--- The records Enclosed Below ---
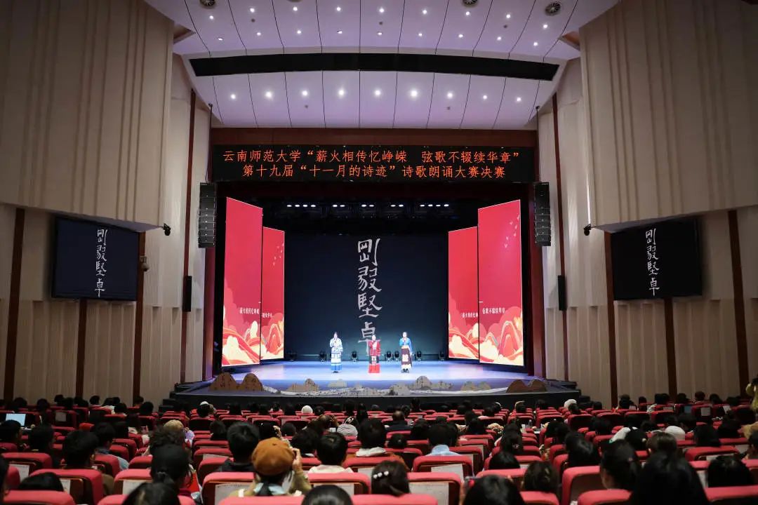 献礼学校八十五芳华,传承弘扬西南联大精神。11月16日下午,由学生处主办、易班学生工作站承办的“薪火相传忆峥嵘 弦歌不辍续华章”第十九届“十一月的诗迹”诗歌朗诵大赛决赛在我校呈贡校区明德楼演播厅举行。校党委副书记李宏、副校长武友德莅临比赛现场观赛指导。
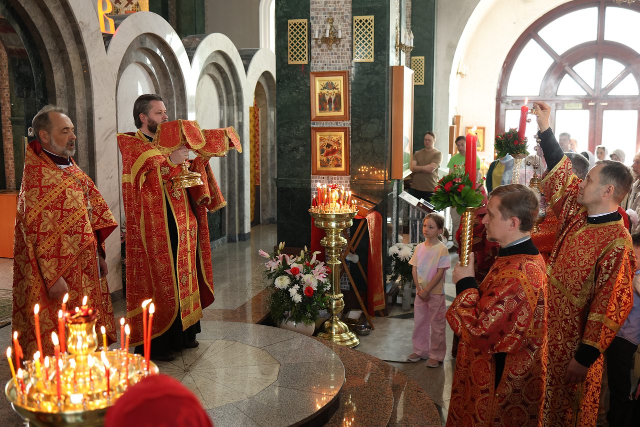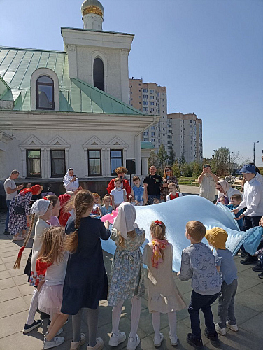 Утром по окончании Божественной литургии на территории храма прошел Пасхальный праздник, который начался выступлением приходского коллектива «Веретенце». Прозвучали пасхальные стихи и русские песни. В радостной атмосфере праздника водили хороводы, участвовали в играх и забавах.
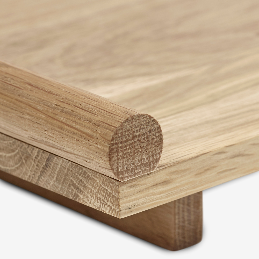 Сервировочный поднос на ножках Tray Oak Ceremony был создан Studio Simple в японском стиле и изготовлен из массива дуба в матовой отделке. Такой поднос отлично подойдет для подачи горячих напитков во время чайной церемонии. Минимализм и простота делают поднос универсальным решением на кухне, а для большего удобства предусмотрены две органично вписанные в общую концепцию округлые деревянные ручки.
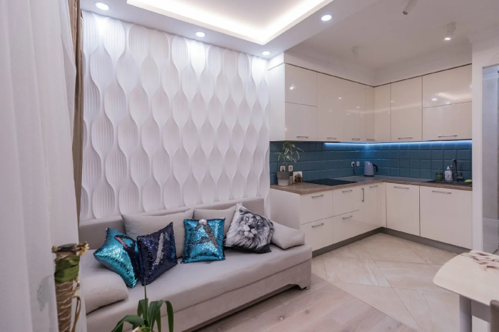 Дизайнерское оформление гостиной зоны в небольшой «евродвушке». | Фото: onashem.mediasole.ru.Сама же гостиная получилась очень светлой. Два узких окна и прозрачные занавески на окнах привнесли воздушность и объем в небольшое пространство. Чтобы не перегружать имеющуюся площадь разноцветьем и зрительно не выделять гостиную, акцентную стену сделали из фактурных гипсовых панелей белого цвета, которые органично смотрятся в ее интерьере. Основной же палитрой все так же остались молочно-песочные оттенки. Выразительности и свежести добавили лишь яркими вкраплениями в виде блестяще-голубых диванных подушек и комнатных цветов.
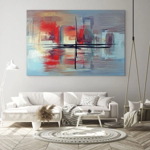 La peinture sur verre est faite sur un verre de 4 mm d'épaisseur. Les bords du verre ont une arête trapézoïdale mate. La tableau est sûr à l'utilisation et prêt à être accroché - il a des crochets en métal attachés à l'arrière du cadre et des entretoises en mousse permettant la régulation uniforme de la distance du tableau au mur.
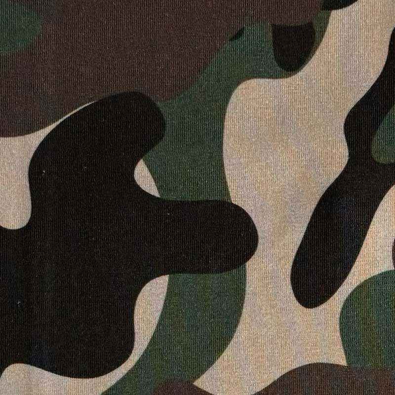Bomuldsjersey med camouflage, tema jungle. En dejlig blød OEKO-TEX kvalitet 220 g/m2. God til kjoler, tunika, bluser, nederdele, overdele.
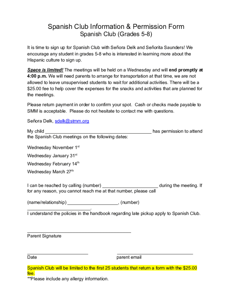 Get the free Spanish Club Information & Permission Form
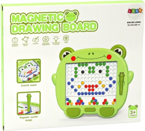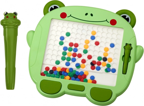 In het midden bevindt zich een groot wit bord met vakjes, perfect om magnetische kralen te rangschikken. Van deze kralen, verkrijgbaar in verschillende kleuren – zwart, blauw, geel, rood en groen – kunnen diverse patronen en afbeeldingen worden gemaakt. Door de transparante afdekplaat, die de tekening beschermt tegen toevallige beschadiging, kunnen kinderen hun composities vrij rangschikken met behulp van een speciale magnetische pen met kikkermotief.
--- End of Enclosed The records ---
* Exercise prompt *
Take the records above from their first line through the line with "Сервировочный поднос на" and set those lines down word for word, minus the pictures.

* Solution below *
 献礼学校八十五芳华,传承弘扬西南联大精神。11月16日下午,由学生处主办、易班学生工作站承办的“薪火相传忆峥嵘 弦歌不辍续华章”第十九届“十一月的诗迹”诗歌朗诵大赛决赛在我校呈贡校区明德楼演播厅举行。校党委副书记李宏、副校长武友德莅临比赛现场观赛指导。
 Утром по окончании Божественной литургии на территории храма прошел Пасхальный праздник, который начался выступлением приходского коллектива «Веретенце». Прозвучали пасхальные стихи и русские песни. В радостной атмосфере праздника водили хороводы, участвовали в играх и забавах.
 Сервировочный поднос на ножках Tray Oak Ceremony был создан Studio Simple в японском стиле и изготовлен из массива дуба в матовой отделке. Такой поднос отлично подойдет для подачи горячих напитков во время чайной церемонии. Минимализм и простота делают поднос универсальным решением на кухне, а для большего удобства предусмотрены две органично вписанные в общую концепцию округлые деревянные ручки.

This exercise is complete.